Why motherhood might not be the right choice for everyone?

As a woman who doesn’t want to have children, I had discussions with many of my friends regarding this. I know a good number of my friends who are mothers today, never thought if they really wanted to be mothers. This patriarchal society has never let them choose their choice of motherhood. Isn’t it ironic that in a world where we are redefining societal customs and norms, a majority of us still stand by obsolete constructs of marriage and parenting, especially motherhood? The fair point is that a lot of couples nowadays decide not to have kids and stay child-free. Holding mutual respect for each other’s decisions, they now stand up for themselves and voice against society’s concerns.
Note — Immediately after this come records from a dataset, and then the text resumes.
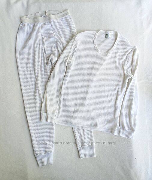 Пропоную білий комплект термобілизни - лонгслів та кальсони. Матеріал поліестр з віскозою, м´який, приємний до тіла, добре тягнеться. Комплект чоловічий, але брала собі під світлий спортивний костюм. Вживаний мало, акуратно, стан відмінний.Розмір вказаний S-M. Мірки: кофта - довжина 60 см, ширина плечей 40+ см, довжина рукава 56 см, ширина грудей під пахвами 46 см, тягнеться до 66 см. Кальсони - довжина по боку 92 м, ширина талії 30-48 см.
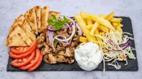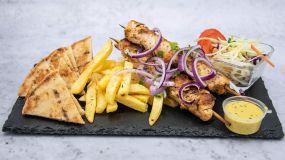 Μερίδα σουβλάκι από στήθος κοτόπουλο, 3τμχ. Συνοδεύεται από πατάτες τηγανητές, σαλάτα, πίτα παραδοσιακή, σως επιλογής σας.
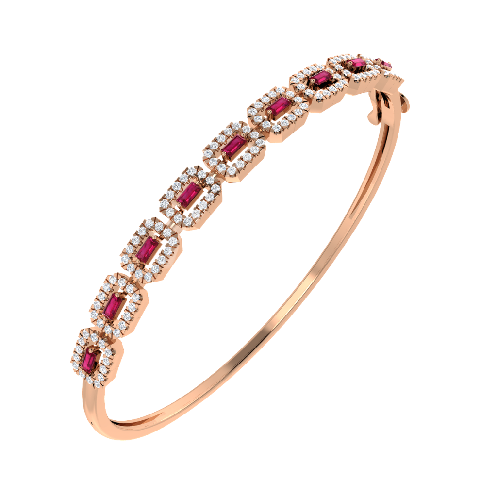 A slim and sleek gold bangle featuring baguette ruby motifs, each bordered with diamonds. By Tanvirkumar & Co
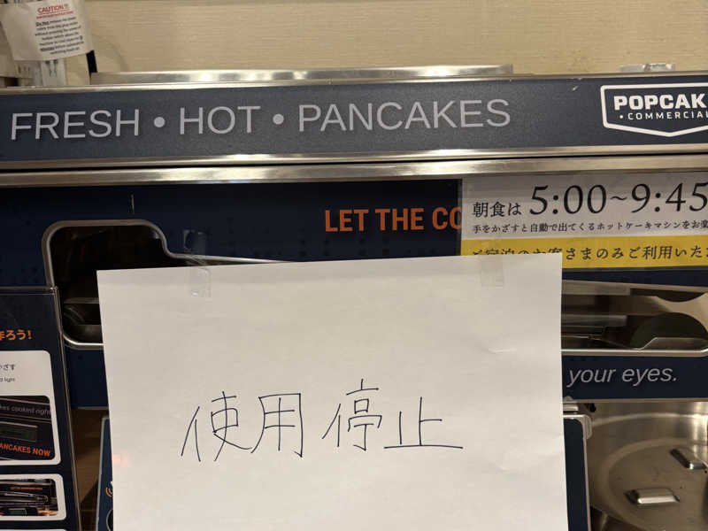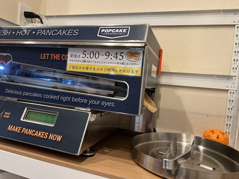 朝食サービスのパンケーキ! キャラメルソースとチョコソースあり。 自動で出来るのを見るのが楽しい!
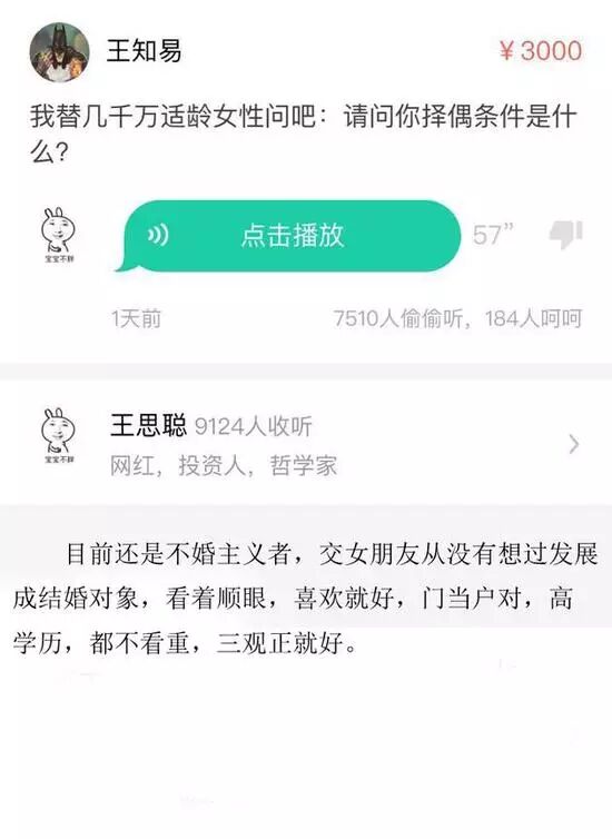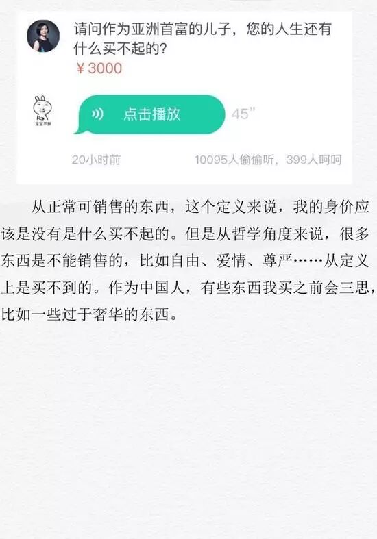 首富之子买不起什么?王思聪回答:“从正常可销售的东西,这个定义来说,我的身价应该是没有是什么买不起的。但是从哲学角度来说,很多东西是不能销售的,比如自由、爱情、尊严……从定义上是买不到的。作为中国人,有些东西我买之前会三思,比如一些过于奢华的东西。”
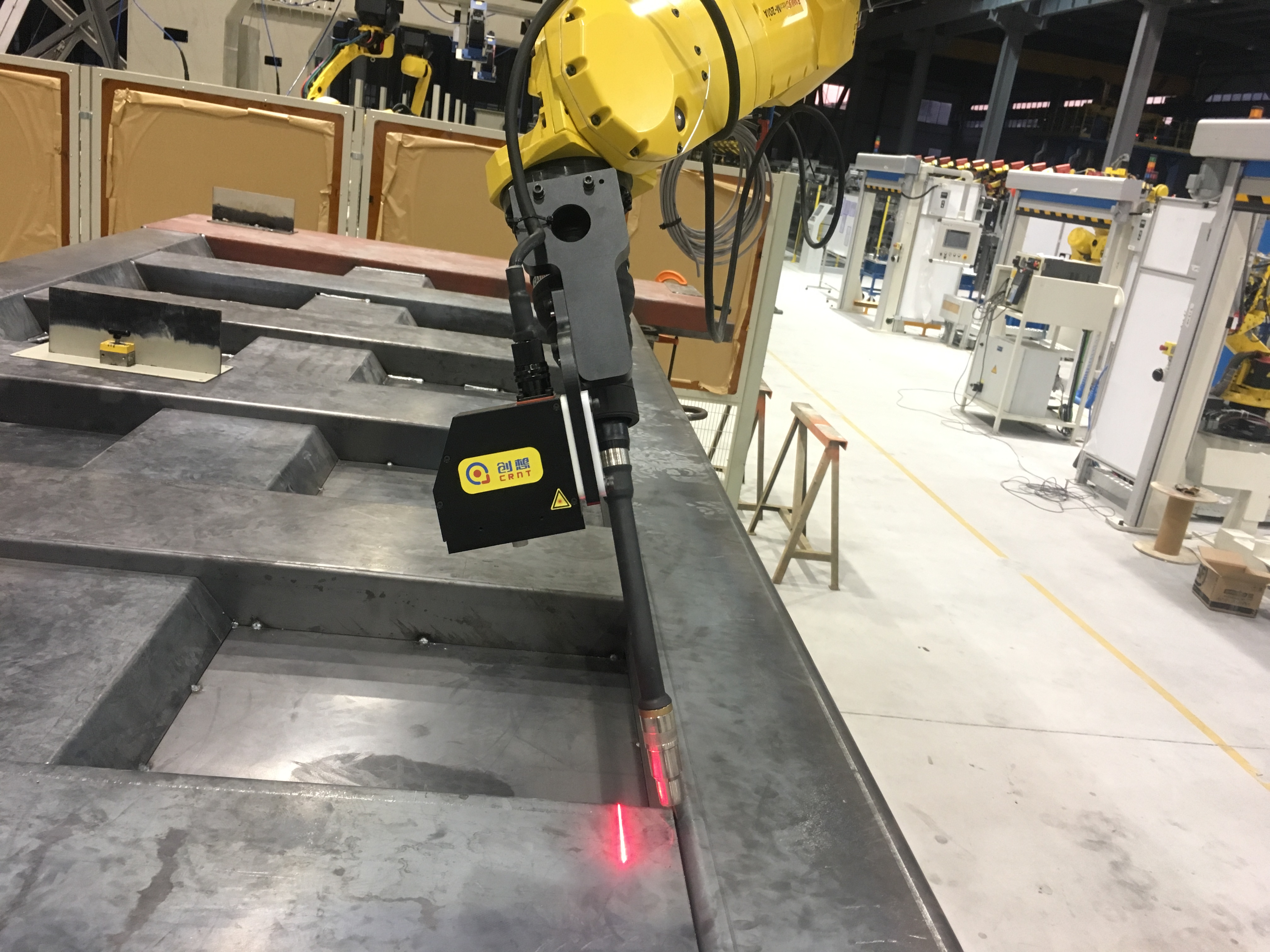 创想激光视觉焊缝跟踪系统,与工业机器人配套后,能够在焊接时自动检测和自动调整焊枪的位置(类似机器人的眼睛与大脑),使焊枪始终沿着焊缝进行焊接,同时始终保持焊枪与工件之间的距离恒定不变,有效改善焊接质量,提高生产效率。

Reasons why I say motherhood is a choice, not an obligation

  • Motherhood is not everyone’s cup of tea. Some cannot even think of having kids for physical, emotional, or biological reasons. Let them live as per their own choice. 
  • Raising a child requires good financial stability. Giving birth to a child doesn’t mean you have fulfilled the responsibility. If you think you are not affluent enough to spend your income on the daycare, education, and other expenses of a kid but would rather use your earnings on something else, it is okay to stay away from parenthood. 
  • If you are biologically unfit or your body is not willing to bear a kid because of any medical reason, and your mind says having kids is not the right choice for you, it is okay to stay away from motherhood. However, if your mind yearns for a child but your body fails you, there are several alternatives to becoming a parent. 
  • Women are becoming more career-focused rather than family-oriented. I don’t think just a woman’s career is affected by having a child. But if you think your priority is your career and not motherhood, don’t look back. 
  • It is also okay if a woman just takes a decision to not have children; it is her choice. They do not have to explain it to anyone or convince others not to choose motherhood. 
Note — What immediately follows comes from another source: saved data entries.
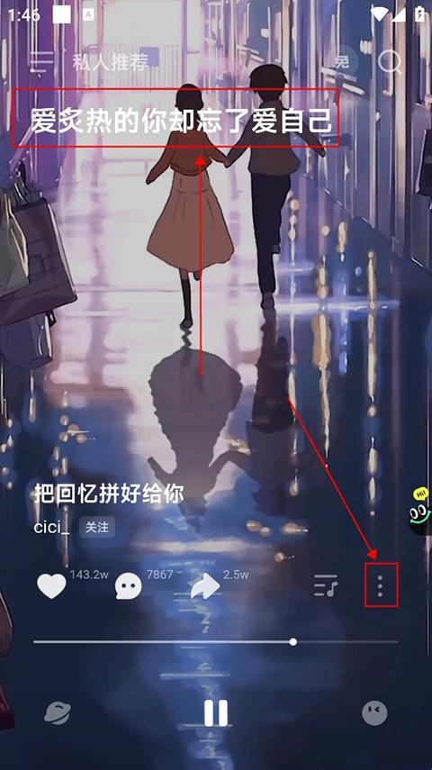 1、进入软件后用户就可以开始使用,软件采用视频音乐模式,在左上方可看到歌词,也可以点击右下角三个点更改播放样式。
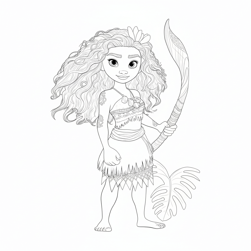Desenho simples e encantador de Moana. Ideal para crianças pequenas praticarem pintura.
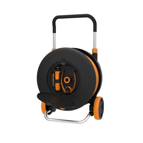 | Tuotekuvaus | Suurimmassa kastelukärrykelassamme on kaikki mitä tarvitset suurelle pihalle, puutarhalle tai terassille. Käytännöllinen lisäosien säilytystila kelan sisällä sisältää kastelusuuttimen, 3 kokoa sisältävän hanaliittimen ja kastelusuuttimen sadettamiseen -kaiken mitä tarvitset kastelun aloittamiseen. Tämän lisäksi kastelukela on erittäin kevyt ja helposti siirreltävä. Tyylikkäästi muotoiltu kela sopii niin terassille kuin puutarhaankin. |
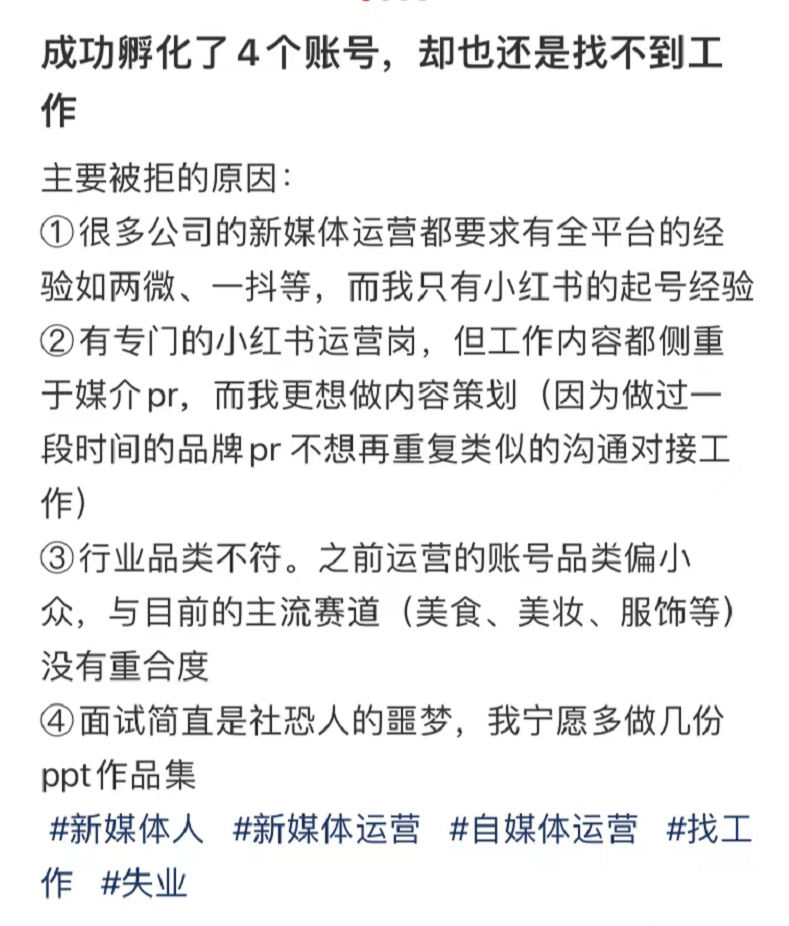 这两张图是小红书上一位创作者吐槽自己做了四个账号,却找不到工作。这是捧着金碗在要饭。小红书上用户付费能力和意愿都很强,稍微有点商业意识和产品化能力,每月收入2-3万没难度。
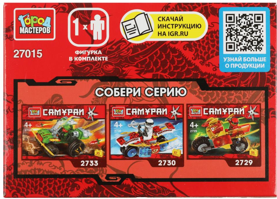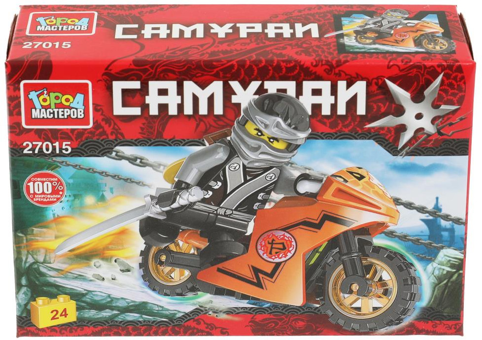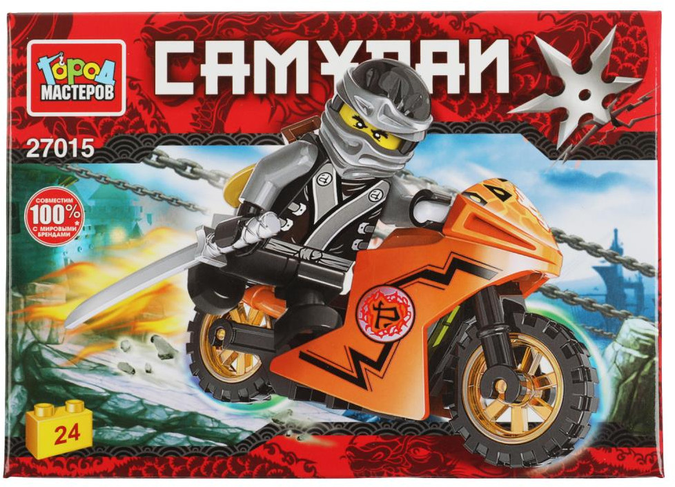 С помощью этого занимательного конструктора можно собрать яркий байк для храброго самурая и вместе с ним отправиться на поиски приключений. Набор вдохновит ребёнка на новые увлекательные сюжеты для игр и станет гордостью его игрушечной коллекции. Собирая конструктор ТМ «Город мастеров», ребёнок будет развивать: мелкую моторику, мышление, внимание, усидчивость, логику. Конструктор «Чёрный самурай на мотоцикле» из серии «Самураи» станет прекрасным подарком для маленького фантазёра.
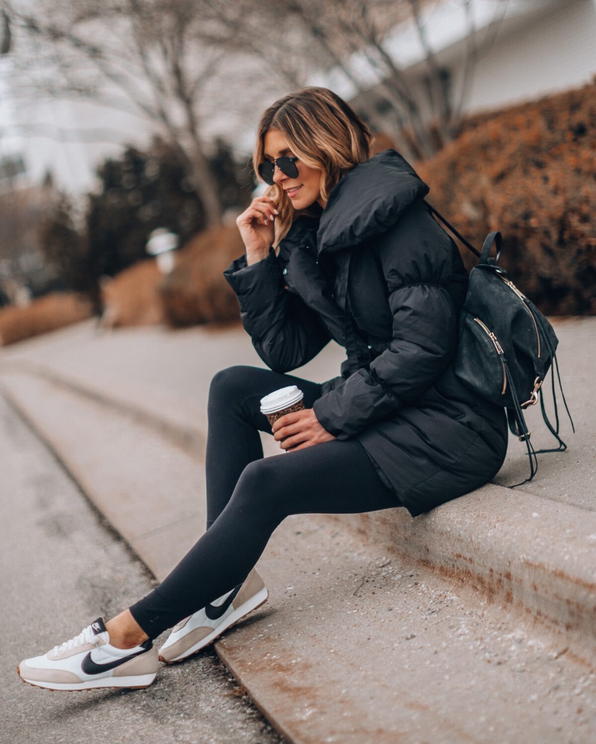Puffer Coat (similar) // Leggings // Sneakers // Sunglasses // Backpack

Learn how to become more of yourself.

I am not against motherhood and I don’t downgrade the value of a woman who is dedicating her life to her children. But it is not at all reasonable to force these stereotypes and unfair norms on a woman. Let her decide their choice in motherhood. It is her life, her body, and her decision. If she wants to conceive a child, let her. But if she doesn’t want it, it’s her decision. Who are we to judge people for their choices?